Quicken Loans to close One Reverse Mortgage

Posted: 27 February 2020 4:38 pm

A conceptual image showing a reverse mortgage with a home sitting on a pile of money and a hand dropping coins slowly in a piggy bank.

The nation’s largest online mortgage lender has folded its bet on reverse mortgages.

Quicken Loans has announced that its reverse mortgage platform One Reverse Mortgage will be folded into its online mortgage platform Rocket Mortgage. Rocket Mortgage is the largest online provider of mortgages in the United States.

The move encompasses the transfer of all One Reverse Mortgage accounts and employees to Rocket Mortgage. One Reverse Mortgage will cease originating new reverse mortgages, with Rocket Mortgage taking full responsibility for the servicing of One Reverse Mortgage’s existing portfolio.

“As the nation’s largest lender, we are constantly evaluating our portfolio to make sure we are delivering the most sought after financial solutions to our clients at all times,” Quicken Loans said in a statement, per HousingWire.

“As the Rocket Mortgage brand continues to grow, and we see demand shifting from the reverse mortgage market, we have made the decision to pause reverse mortgage originations and transition all current One Reverse Mortgage team members to positions with Rocket Mortgage. This move will allow us to leverage the skill and expertise of our ORM team members to quickly scale and meet the unprecedented demand Rocket Mortgage is experiencing as it grows its position as America’s largest mortgage lender.”

Reverse mortgages

Reverse mortgages, or home equity conversion mortgages, are personal loans that use personal homes as collateral. These types of mortgages differ from traditional mortgages in several important ways, most notably that they convert the homeowner’s equity into payments to the homeowner rather than converting payments from the homeowner into equity. Reverse mortgages usually have a growing principal in the form of a line of credit or an installment-based loan, like an annuity or term-based loan. This differs from traditional mortgages, which have a fixed principal paid in one lump sum. The payoff for the reverse mortgage, however, can never exceed the value of the home. If the payoff does become more than the home value, the loanee or the loanee’s estate is not responsible for the difference.

Second, repayment on a reverse mortgage is not due until the loanee moves or dies. Reverse mortgages are limited to loanees 62 years old or older. At that time, the loan is activated, with failure to pay off the loan resulting in the foreclosure of the collateral. If the house is sold, the proceeds of the sale go toward paying off the reverse mortgage, plus any associated fees. The loanee’s estate is typically given a chance to satisfy the loan in order to keep the house.
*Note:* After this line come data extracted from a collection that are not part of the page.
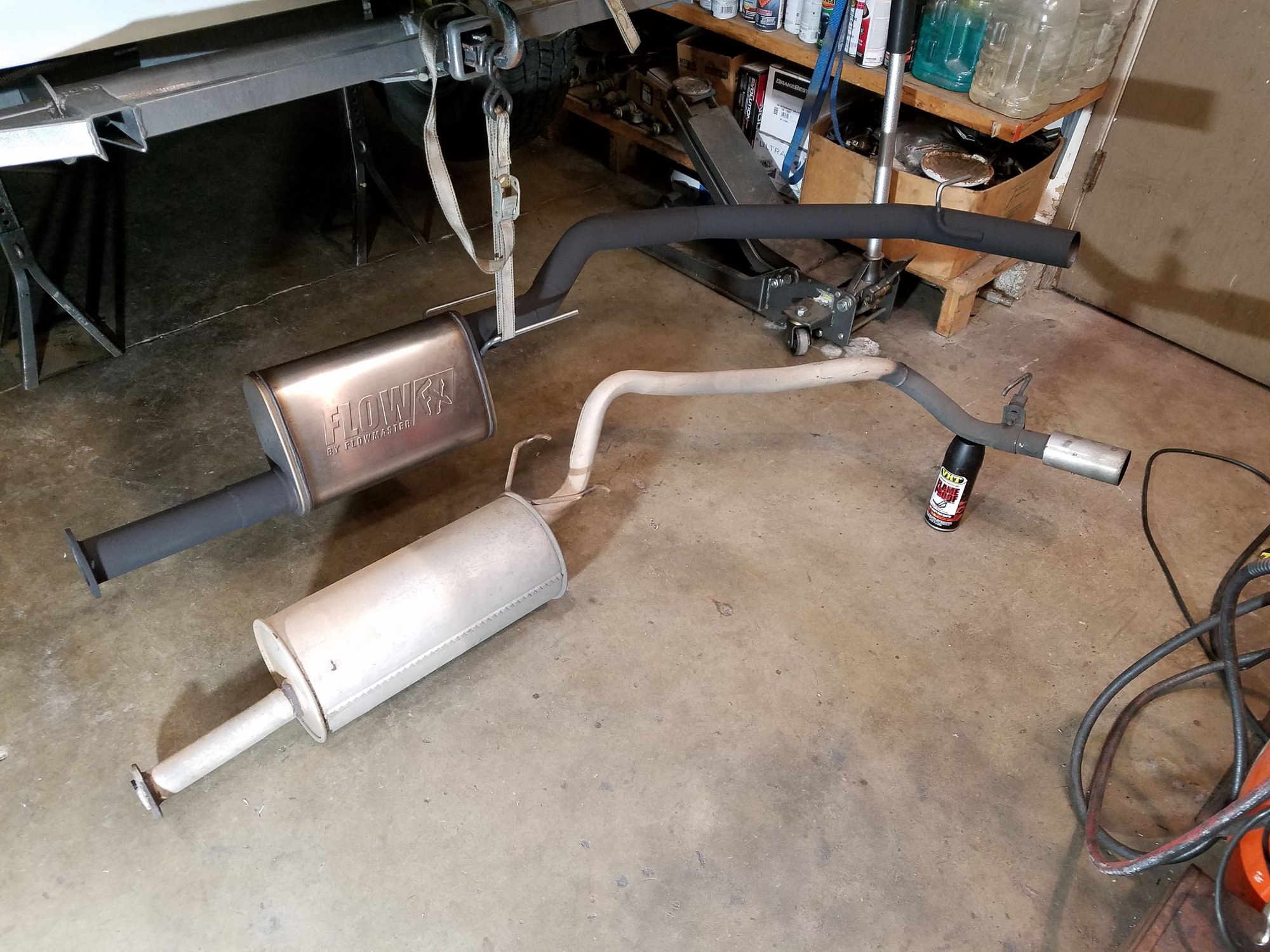 Fabricated exhaust system incorporating a FlowMaster P/N: 71236, FlowFX muffler.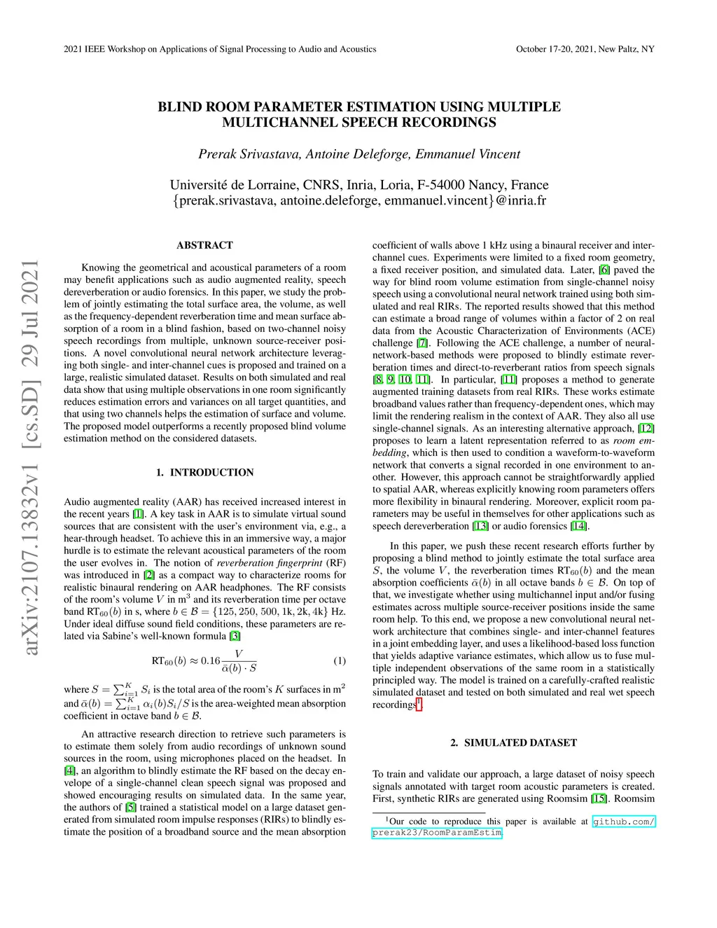 Blind Room Parameter Estimation Using Multiple-Multichannel Speech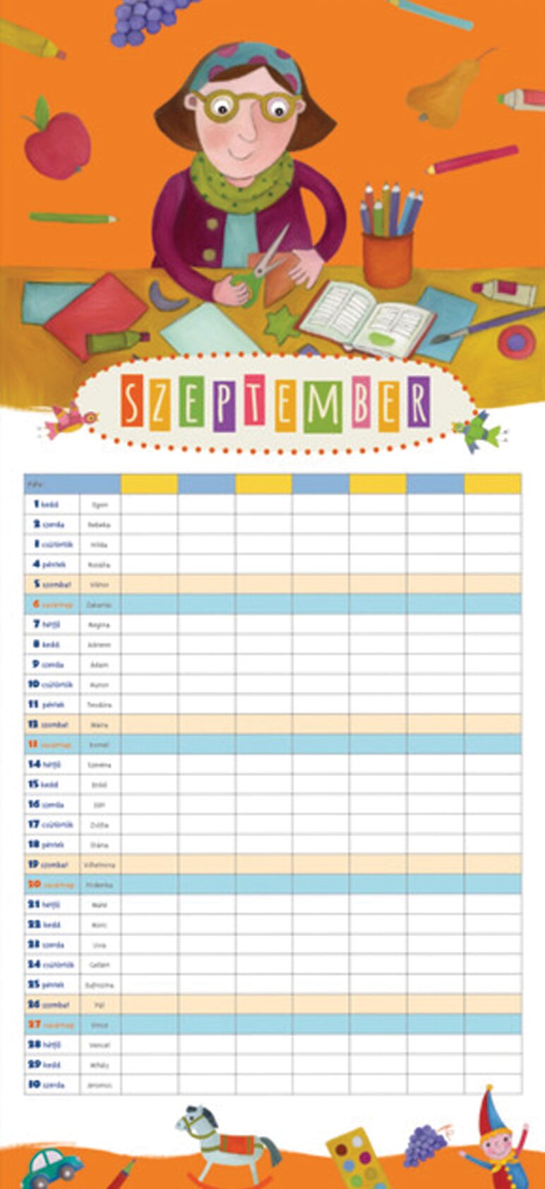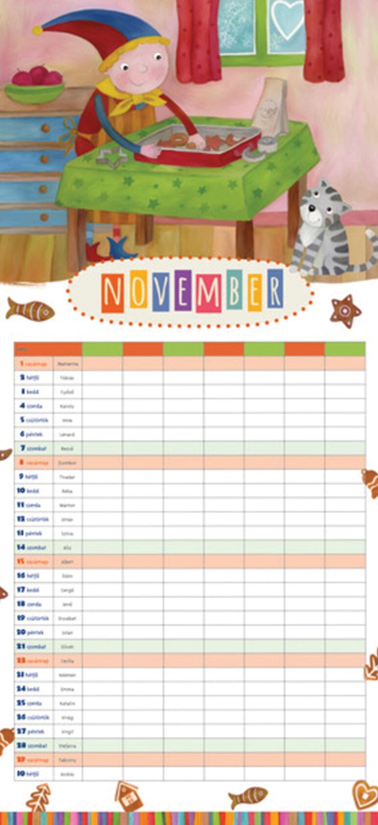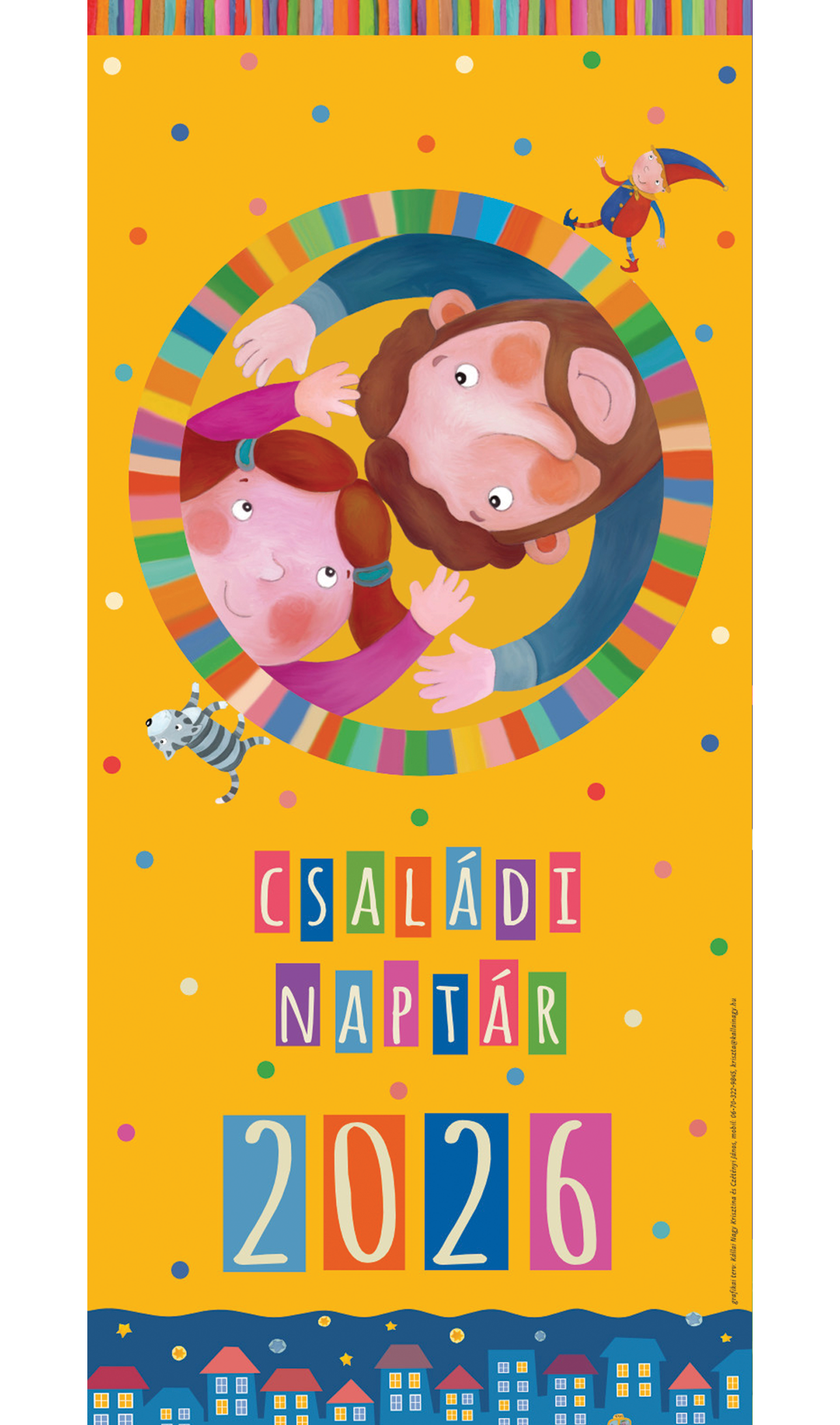 Kállai Nagy Krisztina grafikusművész, aki többekközött a nagysikerű Magyar szentek élete és Templomba megyünk című könyvünket is illusztrálta, évek óta készít családi naptárat, amelyet a tőle megszokott vidám, szivet melengető rajzaival szinesít.

As HECMs typically carry a higher interest rate than traditional forward loans, the popularity of reverse mortgages has been dropping. This is buoyed by the record-low mortgage interest rates. If one has good credit and the means to make the monthly payments, it can be financially beneficial to avoid reverse mortgages.
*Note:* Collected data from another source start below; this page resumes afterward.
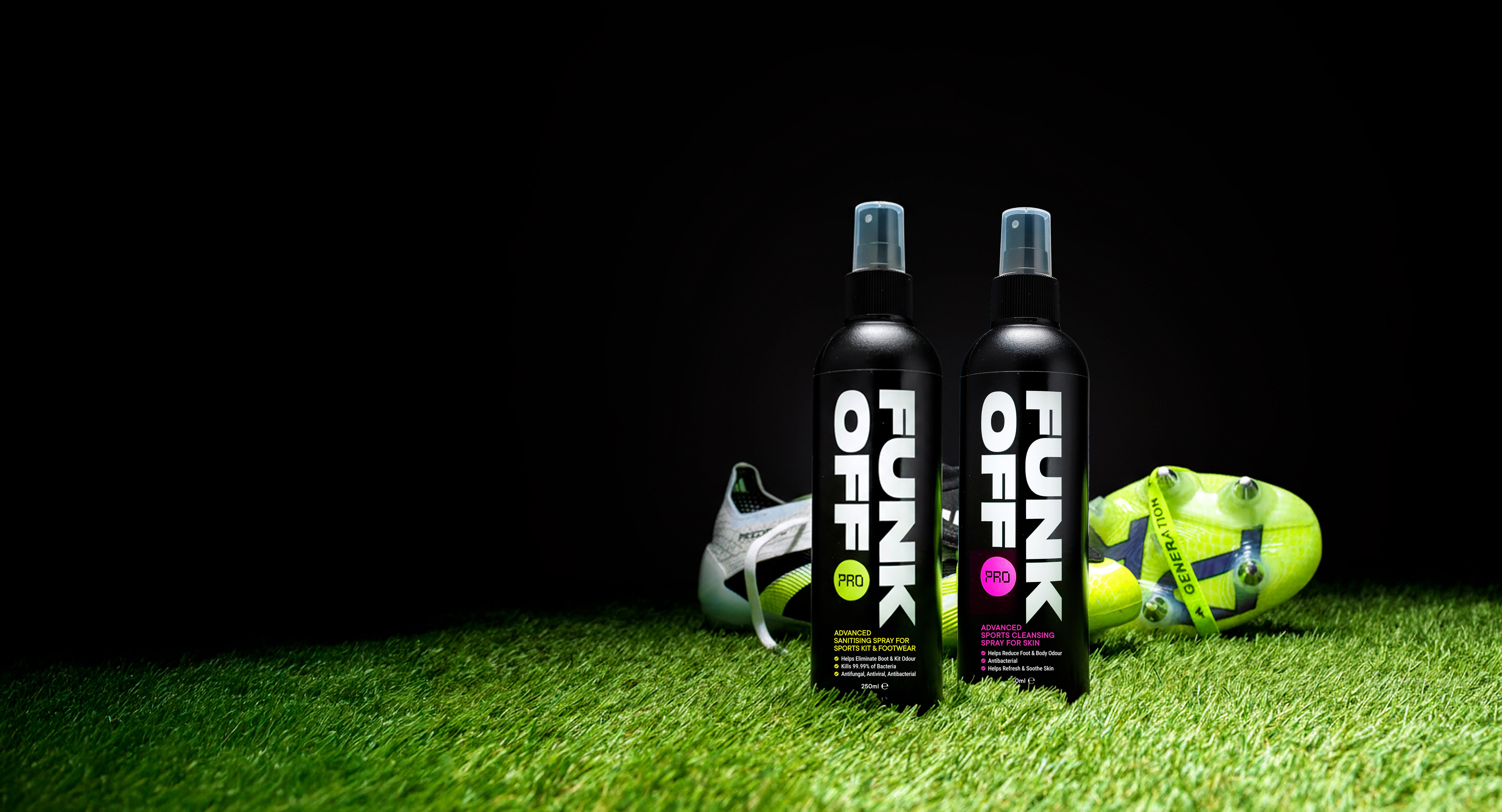 Funk Off PRO gives you the clean confidence to focus on performance, not problems. Use our cleansing spray on your skin and our sanitising spray in your boots, gloves or gym bag — and stay fresh, protected and ready to move.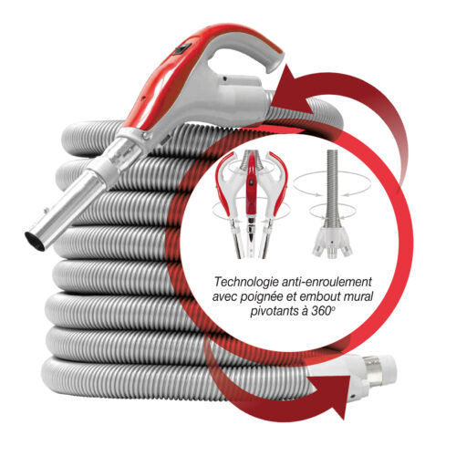 • Boyau bas-voltage avec interrupteur marche/arrêt, technologie anti-enroulement avec poignée et embout mural pivotants à 360˚ (disponible en 30 pi, 35 pi ou 40 pi)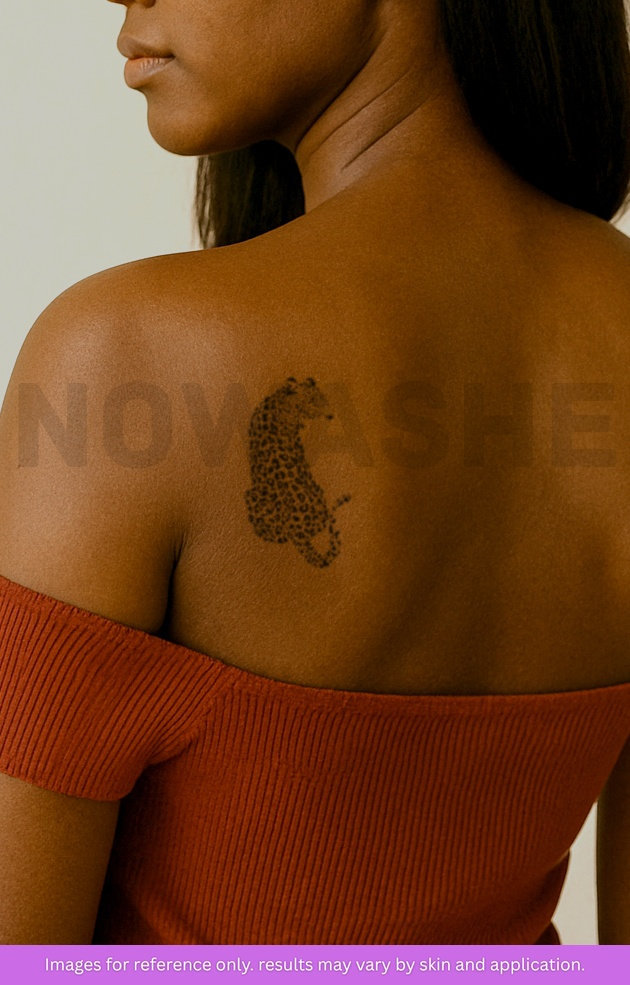 nowashe tattoos is designed for all skin tones, but the fully developed color is uniquely influenced by individual skin chemistry. The result can range from a blue/green, to a distinctive dark blue/black.
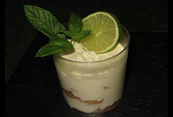 Ingredientes:- Para el baño de los galletas:o 150 gramos de agua.o El zumo de tres limas.o 60 gramos de azúcar.o Un chorro de ron.o La ralladura de una lima.o Un puñado de hierbabuena.- Para el tiramisú:o Galletas tipo María.o 250 gramos de queso Mascarpone.o 400 gramos de nata para montar.o La ralladura de una lima.o El zumo de media lima.o Cuatro cucharadas de azúcar.- Para decorar:o Limas y hierbabuena.Elaboración:Preparamos el baño de las galletas, en la receta original de nuestra compañera son bizcochos como el tiramisú tradicional, pero hace unos meses en un experimento de tiramisú con mango cambié los bizcochos por galletas y me quedó tan rico que ahora lo hago así. Bueno el baño de los bizcochos consiste en echar todos los ingredientes en un cazo ponerlo a hervir y apartamos del fuego para luego bañar las galletas o los bizcochos.Por otra parte, ponemos en un bol el queso crema, el azúcar, la ralladura de lima y el zumo de lima. Una vez que está mezclado, ponemos la nata y comenzamos a montar toda la mezcla. Metemos a la nevera.Ahora cogemos bañamos las galletas y los bizcochos y lo ponemos en el fondo de un molde que habremos forrado con papel de horno, yo para que fuera más fácil de comer lo realice en vasitos, entonces colocamos una capa de galletas o bizcochos y otra de crema, así hasta que se termine a mi me salieron tres capas. Por supuesto tenéis que terminar con una de crema. Al final decoráis con un trozo de lima y hierbabuena y ya está listo para servir.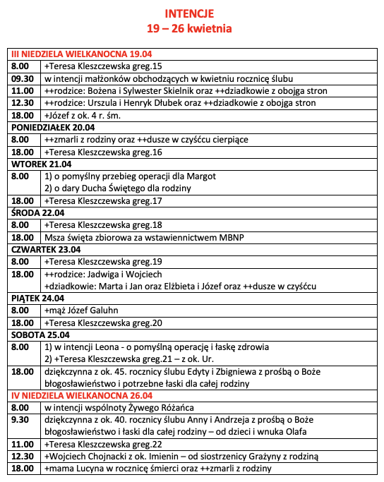 INTENCJE 20260419-20260426

This reality is not lost on the industry. In May, Live Well Financial also stopped the origination of new reverse mortgages. The company would shut down shortly after that, following improprieties from the company’s leadership.

In February, the Urban Institute found that reverse mortgages were one of the worst-performing home equity-extracting products. “At a time when seniors are sitting on a mountain of housing wealth and have anxiety about their finances, this should be a well-used program,” the researchers wrote. “Instead, despite rising senior population, participation [in the reverse mortgage market] decreased between 2011 and 2018, from 73,112 to 33,000 mortgages.”

The institute credits this to the complexity of the product, the optionality of many of its features and the fact that many seniors are unnerved by the idea of giving up their equity.